Going further, scanning Earth’s surface can help us find critical minerals. NASA’s ASTER mission uses ground imaging in many different wavelengths to help find mineral deposits. Satellite imagery could also be used to identify clusters of metal-loving plants, which can indicate the presence of metal deposits. Gravitational, magnetic, and gamma-ray surveys of earth’s surface may also help find key resources4.
Conclusion
A larger presence in orbit has several follow-on benefits.
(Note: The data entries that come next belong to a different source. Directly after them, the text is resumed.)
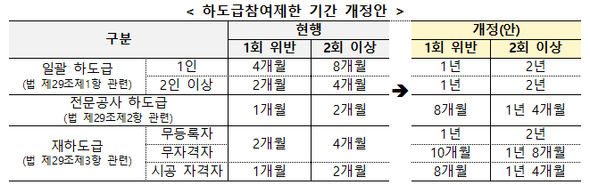 불법하도급으로 행정처분을 받은 업체는 기존 1~8개월이던 제한 기간이 8개월에서 최대 2년으로 확대 적용된다.
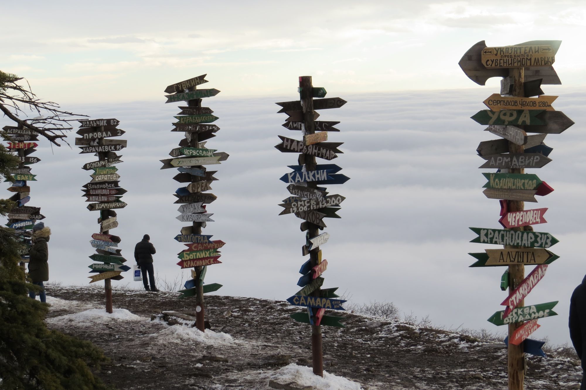 8 января 2019 Часть вторая горно-минеральная. В первые дни нового года покорили гору. Покорили правда с комфортом, на канатке, но если есть возможность воспользоваться плодами прогресса, то не лезть же на гору с альпенштоком Прокатились в Пятигорск, мне нравятся наши курортные кукольные южные городки. Думала не будет вообще никого, только грустные местные жители будут бродить между пустующих пансионатов, но нет, людей море, очереди на восхождение на Машук, везде шеренги приезжих с кружками с минералкой. Виды с горы открываются необыкновенные и очень страшные. по горе ходит Дед мороз и раздает шоколадки Обратите внимание, внизу под облаками маленькие домики, жутко выглядит! у меня не было желания идти по этой лесенке, я прижималась к горе, и старалась постоянно за что-то держаться, все казалось что я сейчас рухну и покачусь вниз, и буду катиться до самого низа, а потом буду катиться по инерции дальше, пока не закачусь куда-нибудь в провал. Очень боюсь высоты! В Пятигорске вовсю эксплуатируется тема 12-ти стульев, часть действий которых разворачивается именно там. Мсье, же не манж па сис жур этвас копек! Я в абсолютной безопасности К Провалу и Остапу Бендеру решили не ходить, все там были много раз, вместо этого съездили еще и в Ессентуки. Всегда в этих городах меня охватывает дикий азарт испробовать все минеральные воды из всех бюветов и источников. Очень они мне нравятся несмотря на их жуткий запах и местами страшный вкус. Вся минеральная вода что продается, даже настоящая (а ведь туча еще и подделок) совершенно не похожа на свежую, налитую непосредственно в местах происхождения. Ни того запаха нет в бутылочной, ни вкуса, ни того ощущения тонуса. Вкус у них бывает иногда довольно мерзкий. Какая-то с высоким содержанием железа на кровь похожа, будто поранился и кровь стекает в горло, какая-то напоминает морскую воду на вкус, почти все пахнут тухлятиной или сероводородом. Исходя из предположения, что все вкусное вредно а все полезное противно, я очень много полезного употребила! По традиции почти каждый раз как оказываемся в городах минеральных вод, покупаем кружку-бюветницу. Они с носиком из которого пьют воду, чтобы страшный запах был подальше от носа и не ощущался. В этот раз кружка-котик (в голове у него пробоина, куда наливается вода, а пить ее из хвоста ) irisheckin, Ветер, Catopuma и 21 других сказали спасибо Поделиться сообщением Ссылка на сообщение
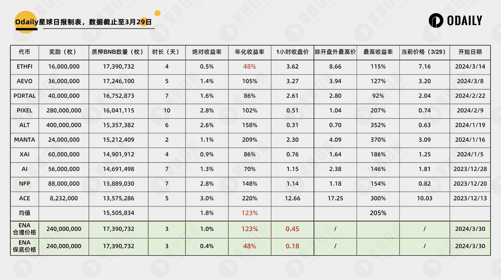 Menurut statistik dari Planet Daily, berdasarkan kumpulan penambangan BNB, rata-rata pengembalian tahunan Binance Lanchpool dalam 10 periode pertama adalah 123%. Dengan asumsi pengembalian tahunan penambangan ini juga 123%, berdasarkan 3 hari penambangan, harga $ENA kira-kira 0,45U.
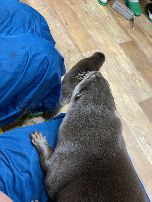 スタッフさんは餌でお客さんの膝にカワウソを誘導したり、抱っこして乗せてくれるので確実に触れるのが最高でした!!
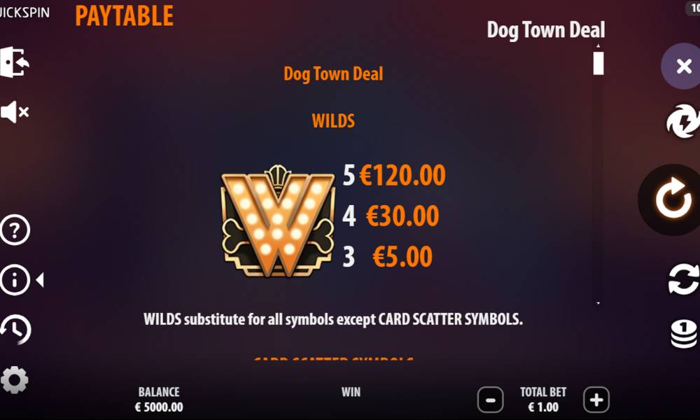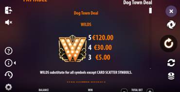 La tragaperras de vídeo Dog Town Deal cuenta con 5 rodillos en 3 filas y 20 líneas de ganancias fijas. Los pagos se conceden cuando se colocan símbolos idénticos en los rodillos en una fila de izquierda a derecha. La cantidad ganada está ligada al tamaño de la apuesta. El rango de apuestas va de 0,20 a 100 euros. La caída de 3 o más de los mismos símbolos da la oportunidad de aplicar un multiplicador a la apuesta, el tamaño específico de los multiplicadores se enumeran en la tabla de pagos. El multiplicador máximo x120 a la apuesta promete la aparición de 5 Wild.
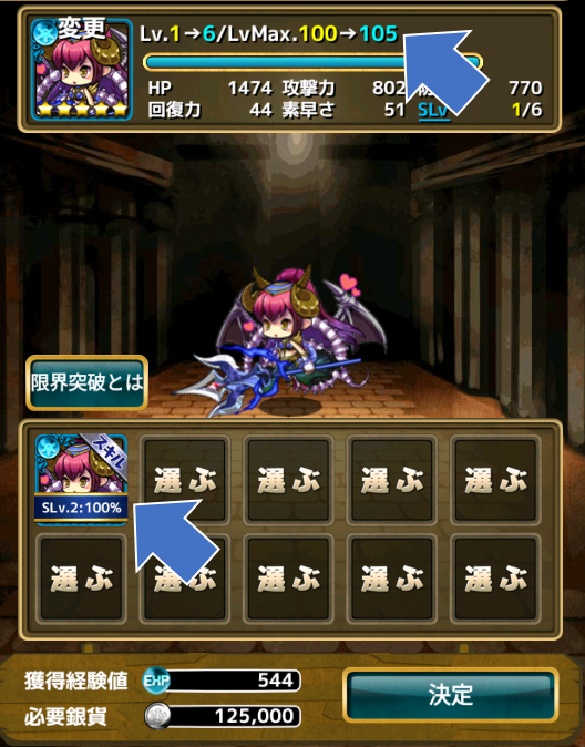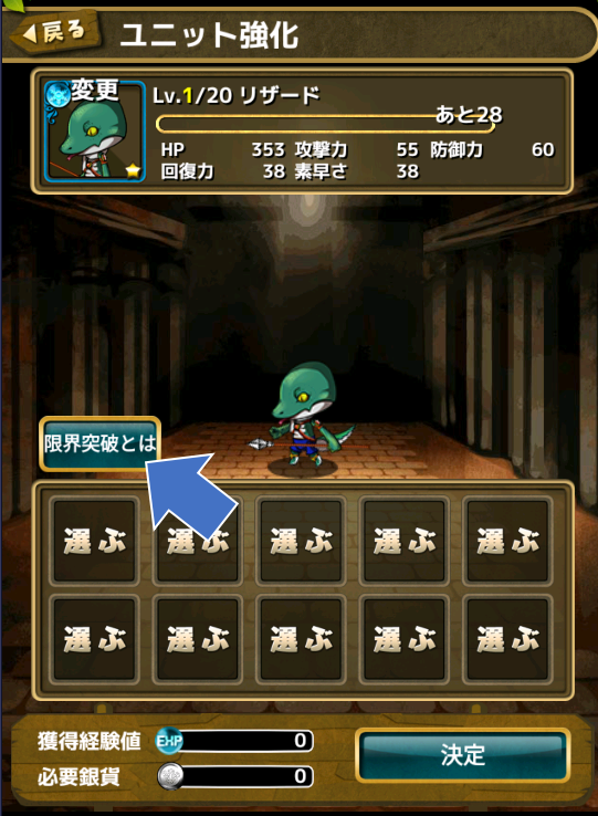 ※限界突破はあくまでレベルの最大値を上げるための物です。レベルは別途上げる必要があります。

For one, less reliance on terrestrial infrastructure will increase our robustness to disasters. Regardless of what happens on the ground, our communication and observation systems will stay intact.
Robust communications will change geopolitics. With free access to the marketplace of ideas, will propaganda lose its power? Or will states find a way to keep their citizens from seeing the sky?
I hope I live to see a night sky filled with artificial stars. Growing our presence in orbit will revolutionize the way we communicate with each other and provide new view of our atmosphere, terrain, and ecosystem. A healthy industry in orbit will give us a platform to climb towards the Moon, Mars and beyond.
Appendix: Other revenue sources in space
Space tourism and entertainment. Who’s going to be the first space influencer?
Space art, advertising, and burials
Speculative investment in space mining and exploration by corporations, governments, and civilian groups.
Building a Moon base. Both the U.S. and China have plans to land humans on the moon by 2030. Establishing manufacturing on the moon could make it much easier to build and repair satellites, eliminating the need to launch material from Earth’s surface. If space tethers are used, it may actually make sense to mine the moon to some degree (for lithium, lithium-6, helium-3 and precious metals) since tethers need a falling counterweight to provide rotational inertia. Falling moon rocks can also provide an enormous amount of gravitational energy.
Placing shades in orbit or heating parts of Earth’s atmosphere might give us control over local weather conditions.
Lagrange points might be a good place to conduct dangerous experiments such as nuclear research, pathogen research, and high-energy particle physics.
Space weapons
Missile defense
Travel and shipping: rockets can take you anywhere on Earth in under an hour, just saying. EDIT: see my post Rocketplanes and the company Outpost space, which aims to use orbital depots for fast delivery.
GPS for everything. Find lost items, track inventory, guide robots, etc.
More speculatively, can satellites offer cryptographic proof of someone’s location? This has applications for location-based authentication, criminal law, e-commerce, and integrating sensor data (see also: FOAM Maps).
EDIT: Reflect orbital is trying to use orbiting mirrors to increase the productivity of solar farms.
Satellite communications can even benefit ordinary transactions. Bank transfers and credit transactions can run with lower latency less infrastructure. Blockchains and cryptocurrency markets would benefit for similar reasons.
Combine that with quantum communication and you get the even more exotic relativistic quantum communication.
Another use for satellites and space stations is interactive prover systems. Since it’s hard to communicate through the Earth, the light-speed delay might allow for using the no-signalling principle for interactive provers and relativistic cryptography. However, this seems mostly like an academic interest.
Could we look even deeper? Subatomic particles such as neutrinos and muons can pass through massive amounts of rock. Neutrino detection is difficult, but perhaps a satellite generated muon beam could glance through the earth’s surface and be observed by a second satellite, producing deep subsurface images.